The reason I started this thread is because I was curious as to whether the strange run distribution the Sox had early in the season was because they were consistently beating up on crap pitching while not hitting good pitching, which was the simplest explanation for the wide spread in values. If that is the case, that's an interesting phenomenon whether or not it has predictive value, because we are interested in the game of baseball.
(I mean, does that ever
happen, over a short period of time, to a degree that looks like it might not be completely random? I don't know.) And it is certainly an interesting phenomenon even if the same distribution of RS per game could have been produced at random without the phenomenon. That the latter is true does not tell you that the phenomenon is not present.
And your reference distribution may itself include the phenomenon.
Here's an analogy. A band goes on tour, playing small clubs, and they play to either empty houses or packed houses, nothing in between. Very strange. And we're curious why. You grab some tour attendance figures for some bands of equal stature and tell us that there's absolutely nothing unusual about that sort of distribution, it happens all the time in a tour that short
. Tour a bit longer and you're bound to see some half-filled houses.

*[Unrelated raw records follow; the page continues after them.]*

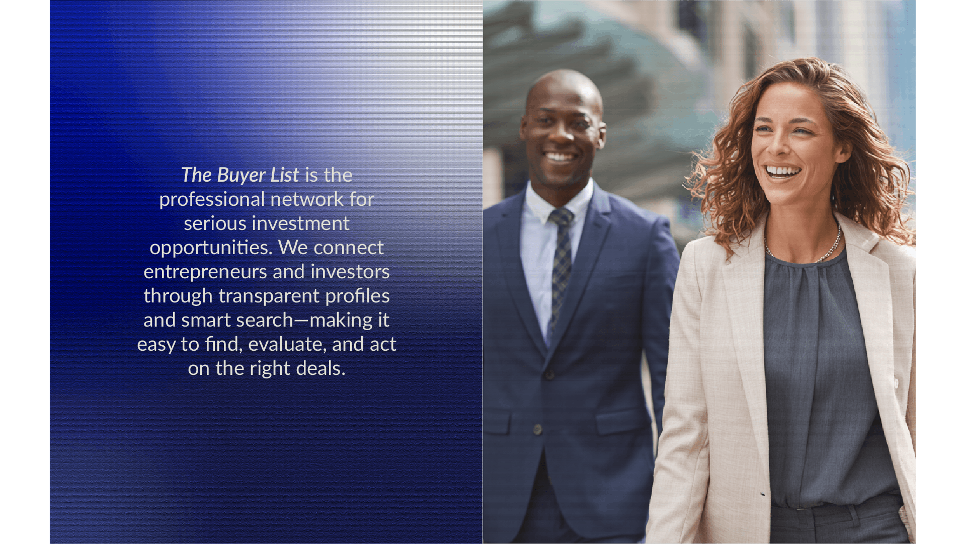 The Buyer List entered a marketplace where investment platforms either felt impenetrably corporate or unreliably casual. We developed a brand identity that stakes out a distinct position—professionally rigorous yet genuinely welcoming. The visual system leverages symbolic elements of growth, transparent listing architecture, and a color story that moves from grounded earth tones to confident blues. The result positions The Buyer List as the intelligent choice for serious professionals who value both efficiency and authenticity in deal-making.
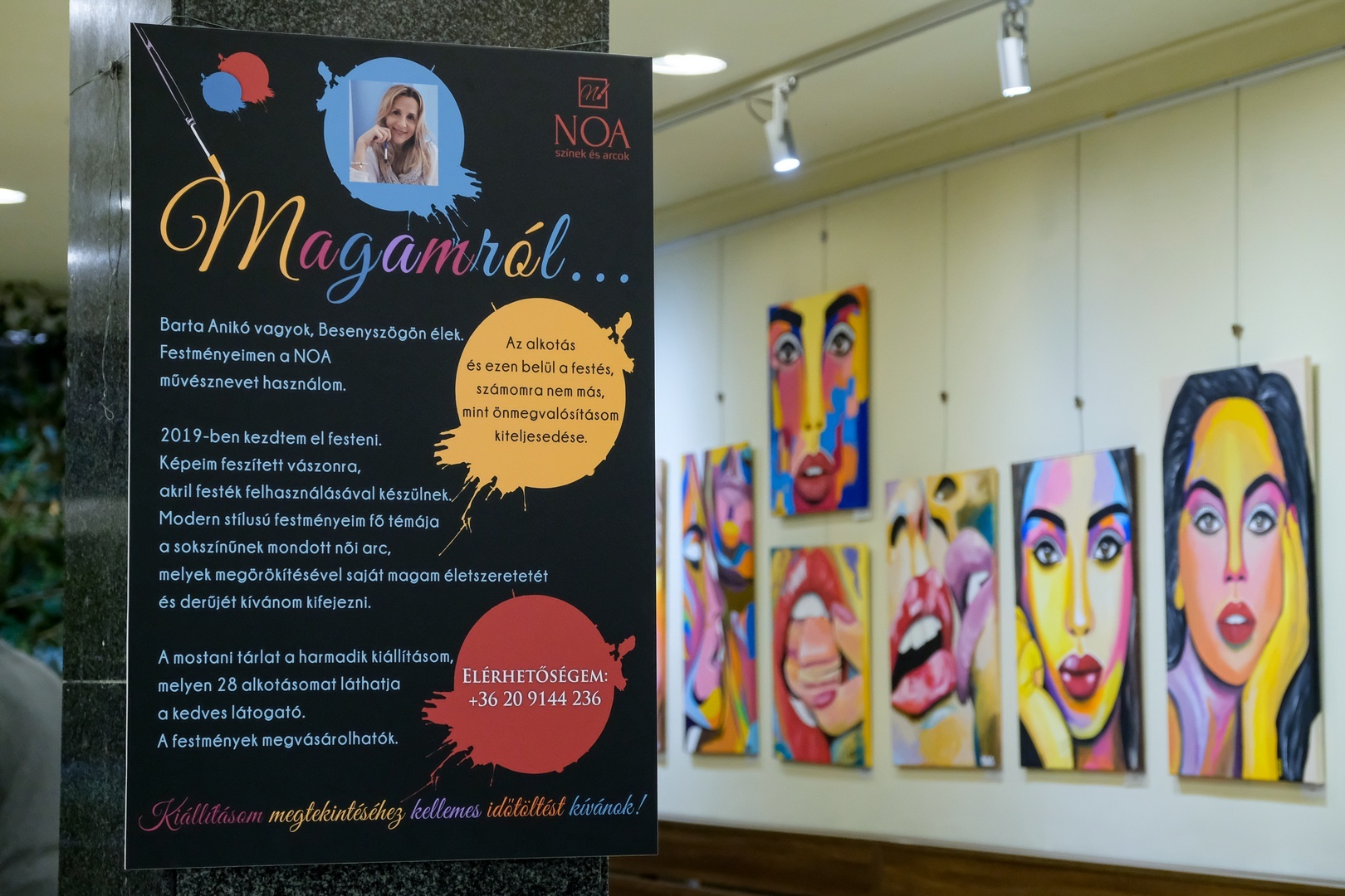 A tárlaton 28 képet állított ki a Noa művésznéven tevékenykedő alkotó, aki 2019-ben kezdett foglalkozni a festéssel. A modern stílusú festmények fő témája a női arc, amellyel az alkotó saját életszeretetét fejezi ki, illetve mindazt, amit szerinte egy nő közvetít: szenvedélyt, szomorúságot, intimitást.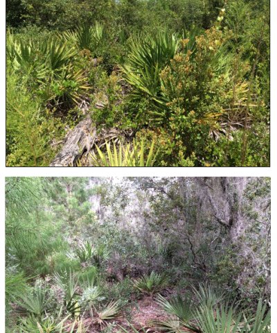 State 1 vegetation is scrub or xeric hammock. These natural communities are comprised of dense growths of scrub oaks (myrtle, Chapman’s and sand live oaks) and palmetto (saw and scrub palmetto). Phases within this State vary in their community structure and periodicity of fire (or other natural or anthropogenic disturbances).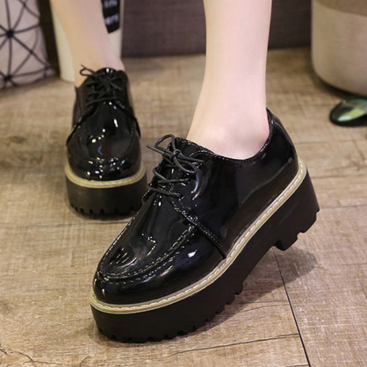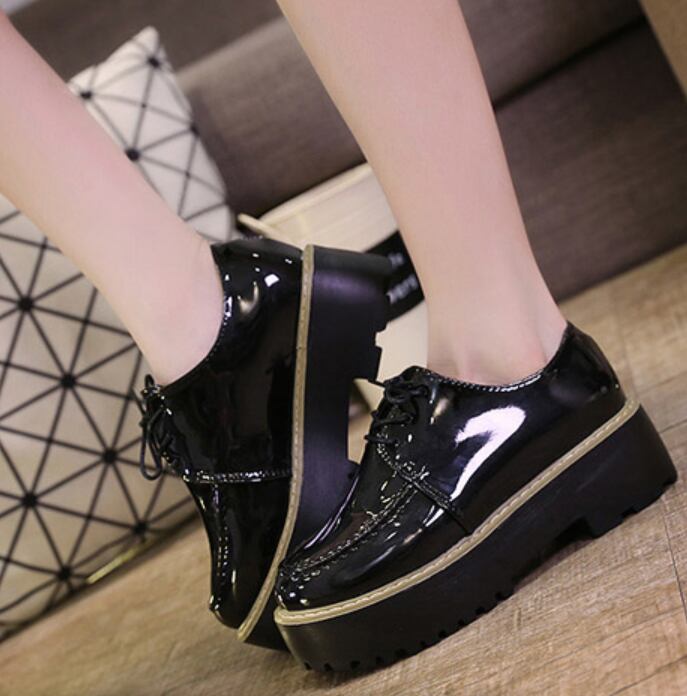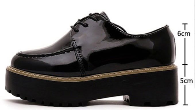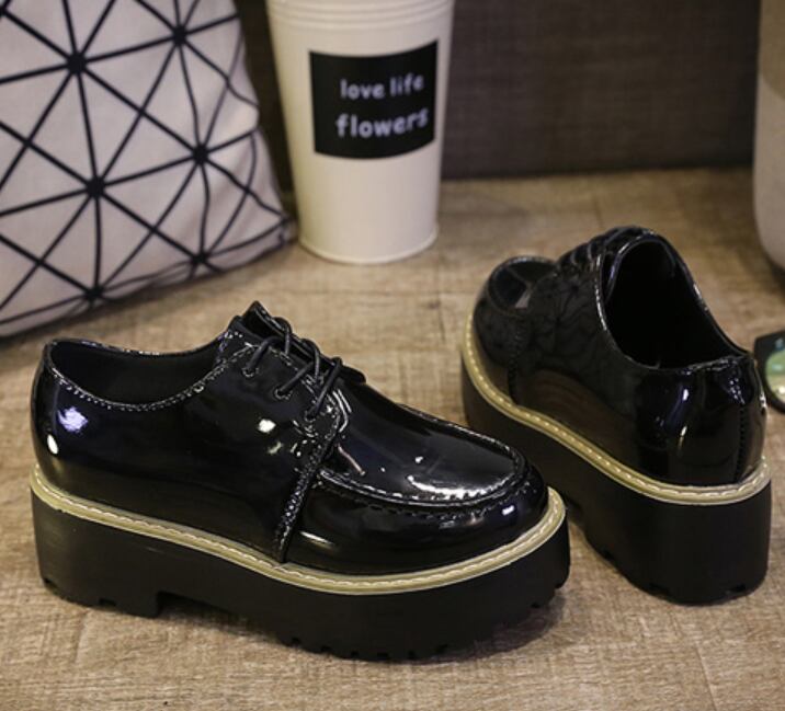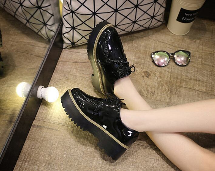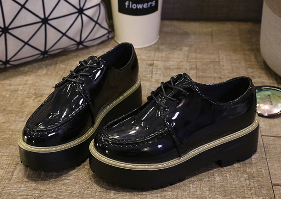 靴 ローファー オックスフォード レトロ フェイクレザー 厚底 シューレース ミドルヒール カジュアル ブラック 秋冬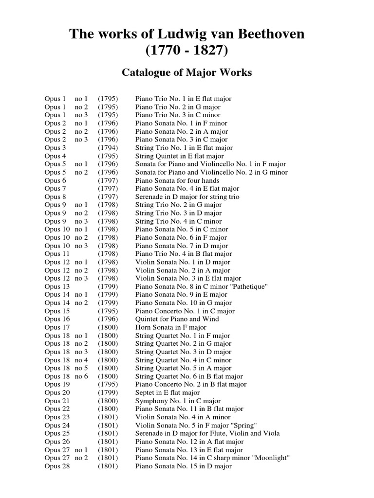 Beethoven S Work Catalog PDF Opus Number Music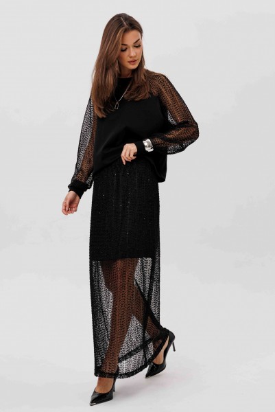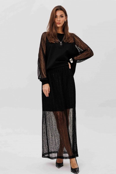 Юбка макси гармонично поддерживает дизайн: плотная внутренняя часть обеспечивает комфорт и уверенность, а длинная прозрачная нижняя вставка из мерцающей сетки добавляет загадочности и женственности. Комплект смотрится нарядно, но остаётся практичным — идеален как для вечерних выходов, так и для особых событий, где хочется выглядеть эффектно, но без излишнего пафоса.

But this doesn't address any of the questions we're curious about. Why is it that some nights the house is empty, and some nights packed? Is it the amount of college radio airplay? The presence or absence of a preview article in the local paper? Or is it much closer to what you'd call "random," e.g., the weather, whether local sports teams have an important game, or a host of other factors unrelated to the music biz? These are all factors that influence the reference distribution
. And we don't know jack about that. We don't know whether there are bands that get consistent airplay in every city and hence don't see many empty or packed houses, and other bands that get ignored in some cities while getting massive airplay in others. We don't know whether some bands are very reliant on press previews while others have fans that are largely illiterate. All interesting questions that are not addressed at all by simply reporting that the observed pattern isn't the least bit unusual in a sample of the given size. Is it not unusual because of the weather? Or because there are lots of bands dependent on college radio airplay and we're looking at one of them, and in a tour this short you might hit three terrible cities and three great ones, just at random?
I want to know the answer to the baseball equivalents of these questions. I really don't give a shit about statistics except as a tool to answer those questions. And I can't think of anything more wrong-headed than running a single stat test and then concluding that we should cease our curiosity about those questions because the one stat test tells us that the questions are uninteresting. Maybe to you they are. My condolences, really.